Walking Together in Remembrance will take place on Sunday to recognize the passing in 2017 of Honesto Silva Ibarra, a 28-year-old farmworker who collapsed from heat stress at work.
"This walk is to remind all of us that we will not forget," said Jason McGill, executive director of Northwest Youth Services, which fights youth homelessness in the community, "and we will continue to advocate for what is right for all."
The walking tour will begin at 10 a.m. at the Bellingham Theater Guild. The event is sponsored by Community to Community Development, a grassroots organization that fights for immigrant and farmworkers' rights. It will highlight the need for more farmworker protections as the climate crisis worsens.
Sunday is the 78th anniversary of the United States' dropping of an atomic bomb on Hiroshima, Japan.

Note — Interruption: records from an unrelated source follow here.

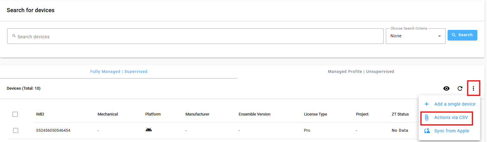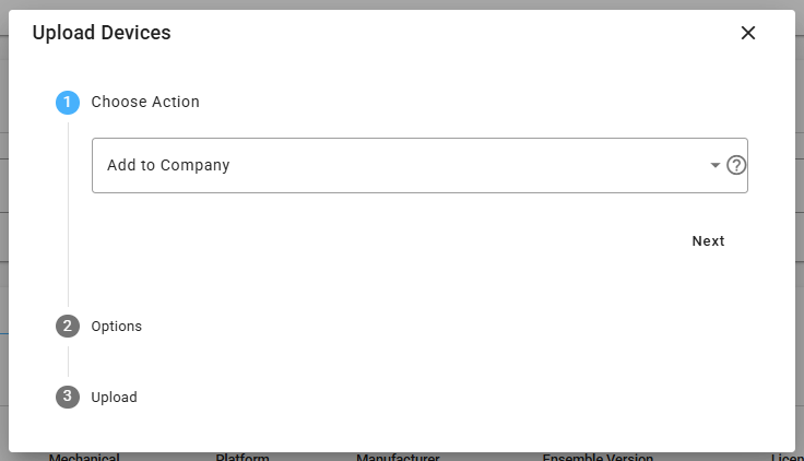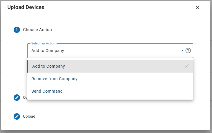 From the Company Devices table, choose Actions via CSV. (As shown in the image below) to open the Upload Devices dialog.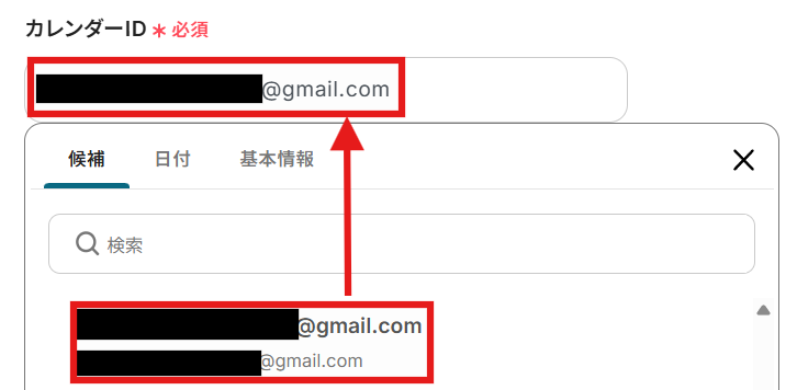 「カレンダーID」は入力欄をクリックすると選択肢が表示されますので、候補の中から選択しましょう。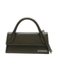 Elevate your style with this dark khaki calf leather handbag from Jacquemus. Featuring a silver-tone logo plaque and stitch detailing, this handbag is perfect for the modern woman. Dimensions: DEPTH - 6.0 cm, HANDLE - 8.0 cm, HEIGHT - 10.0 cm, WIDTH - 22.0 cm.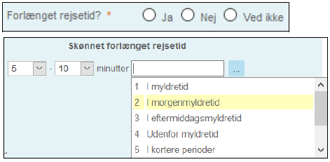 ![]() | Tag altid stilling til, om aktiviteten kan medføre en forlænget rejsetid. Vælg Ja, Nej eller Ved ikke. Hvis Ja, så angiv – hvis muligt – rejsetidsforlængelse og periode; det er muligt kun at oplyse en af disse informationer. Angiv et minutspænd vha. de to talfelter for at give dit bud på, hvor stor rejsetidsforlængelsen cirka vil være. Se bort fra forlængelser under to minutter. Præciser, hvornår på døgnet rejsetidsforlængel-sen mest sandsynligt kan forekomme. Klik på den blå knap til højre og vælg en periode fra listen. |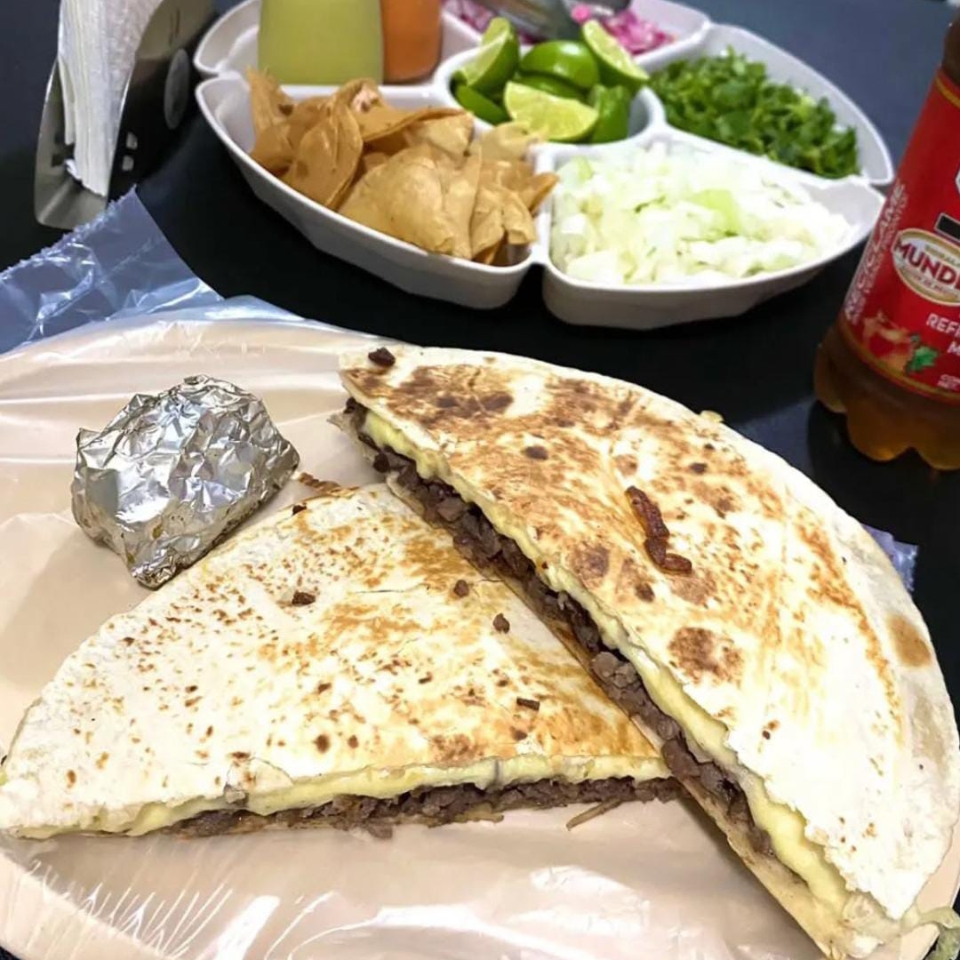 Tortilla de harina suave rellena de queso gratinado y la mejor carne asada. Sencillamente irresistible.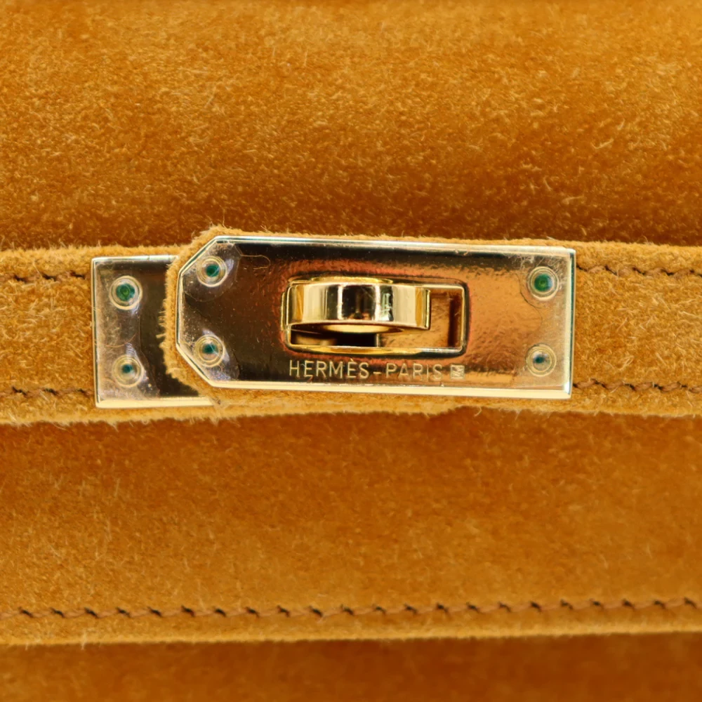 High-End Hermès Inspired – Kelly Pochette Doblis Jaune Suede Gold HW

Before the bombing, Japanese Americans in Bellingham and along the West Coast were moved to concentration camps.
McGill noted that Bellingham has a troubling past, including one of the oldest Ku Klux Klan chapters in Washington.
"You only hear the positives about how progressive this community is," he said, "but this area has a really strong, deep racist history."
The event will also mark the removal of indigenous people in the region from their traditional fishing sites.
McGill is scheduled to speak at the event and will talk about his organization's opposition to a measure on the November ballot to build a new jail in the community.